When daughter number one decided to make her debut — impatient as always— I was in the middle of a Tupperware party. At least there were plenty of containers for the boiled water.
Then it’s sacrifice after sacrifice — bedtime stories (I lost count of how many times I read “Little Miss Naughty”, but it was in the millions, I’m sure), spoiled dinners, sleepless nights.
You scrimp and scrape to buy the clothes peer pressure makes them want — velour trouser suits, white sandals, pedal pushers (look, she IS 34, I’ve just got a long memory). And what about the technology? We queued for seven hours to get her the very latest Apricot computer one Christmas
We even learned how to use it, well, her dad did, I’ve never really got the hang of these computers. Give me a typewriter any day — preferably the one I bought her when she was seven. It was an Olivetti, the latest thing in swish.

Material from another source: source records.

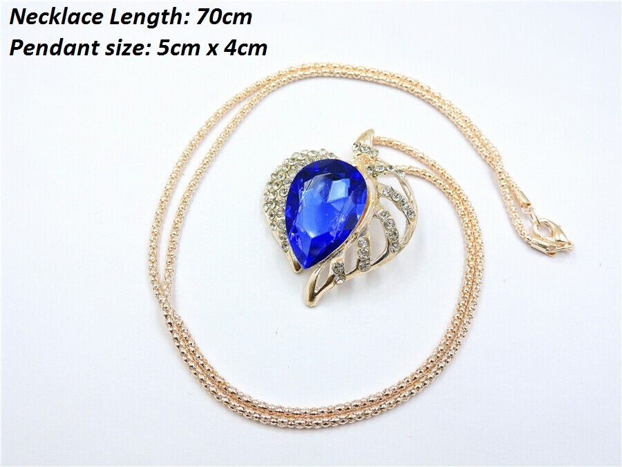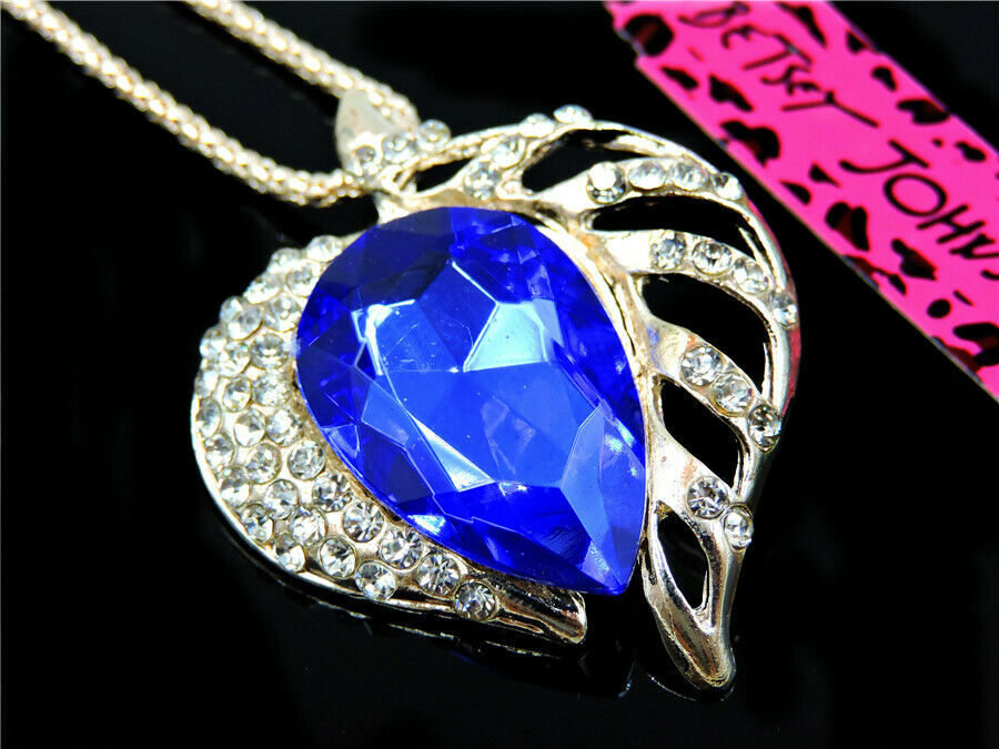 Eντυπωσιακό, μεγάλο μενταγιόν μπλε δάκρυ σχεδιασμένο από την,betsey Johnson, κατασκευασμένο από German Silver. Διακοσμημένο με λαμπερά, λευκά κρύσταλλα σε κοπή round, και ένα μεγάλο μπλε κρύσταλλο στο κέντρο του σε κοπή pear. Το μενταγιόν συνοδεύεται από χοντρή snake αλυσίδα που καταλήγει σε καρδιά με το λογότυπο της σχεδιάστριας. Μήκος αλυσίδας 70 εκατοστών και διαστάσεις μοτίφ 5 χ 4 εκατοστά.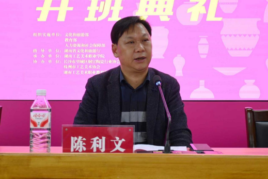 陈利文在讲话中指出,我校是“研培计划”首批参与高校,在非遗传承保护推广方面深耕不辍做出了突出贡献。学校连续承办陶瓷研修班,既是对研培计划的有力践行,更是对湖南陶瓷产业高质量发展的主动担当。同时,他向学员表达了殷切期望:一是恪守本源,做陶瓷传统技艺的“守护者”。希望大家珍惜此次学习机会,深入钻研醴陵窑、铜官窑等湖湘陶瓷的核心技艺与文化内涵,把基础技法练扎实、把文化底蕴悟透彻,让千年陶瓷技艺在我们手中保持本真、代代相传。二是创新表达,做融合发展的“开拓者”。要以研培班为契机,推动数字创意、智能科技与陶瓷非遗的跨界融合,探索“陶瓷+文旅”“陶瓷+国潮”等跨界路径,让传统陶瓷既承载历史记忆,又契合当代审美与市场需求。三是聚力赋能,做“非遗湘军”的“建设者”。希望大家以此次研修为纽带,在学习期间深耕技艺、互学互鉴,在交流中凝聚传承共识、汇聚发展合力,共同为湖湘陶瓷非遗注入团结奋进的力量,让“非遗湘军”的文化底色更鲜明、传承根基更牢固。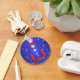 Um navio de foguetes azul e vermelho voa pelo espaço, neste jovem design de amantes do espaço!

During all (three) of her formative years I tried to instill in her my sense of right and wrong, of priorities . . . heck, of the things that I hold most dear in life.
Like the importance of plain chocolate vs milk; the rights and wrongs of going overdrawn; the necessity of saving for a good colour and cut every five weeks.
And how does she repay me, this one and only daughter or mine? By getting rid of her telly. That’s how.
I’ve been spending a week down in sunny Bedford with her and my grandchildren (oh, how nice it is to see the elder one enter puberty with all the slammed doors and raging hormones that that entails. Revenge is sweet) only to discover that she has no TV.
Not even one sneakily hidden in a wardrobe for emergencies, I know, I looked.
“We don’t need one,” she airily waves away my concern. “They only watch rubbish on it anyway so we talk, read books, play board games. . . “
Has she no soul? No sense of values?
Does she not believe in the BBC, our greatest institution; in ITV, our greatest entertainer?
In a word: no.
She doesn’t even believe in “Coronation Street”. So here I am: I don’t know what Molly and Kevin have been up to. Can I carry on in ignorance of Becky’s fate? Why has Liz gained an extra three stones, is she pregnant? What has happened to Slug?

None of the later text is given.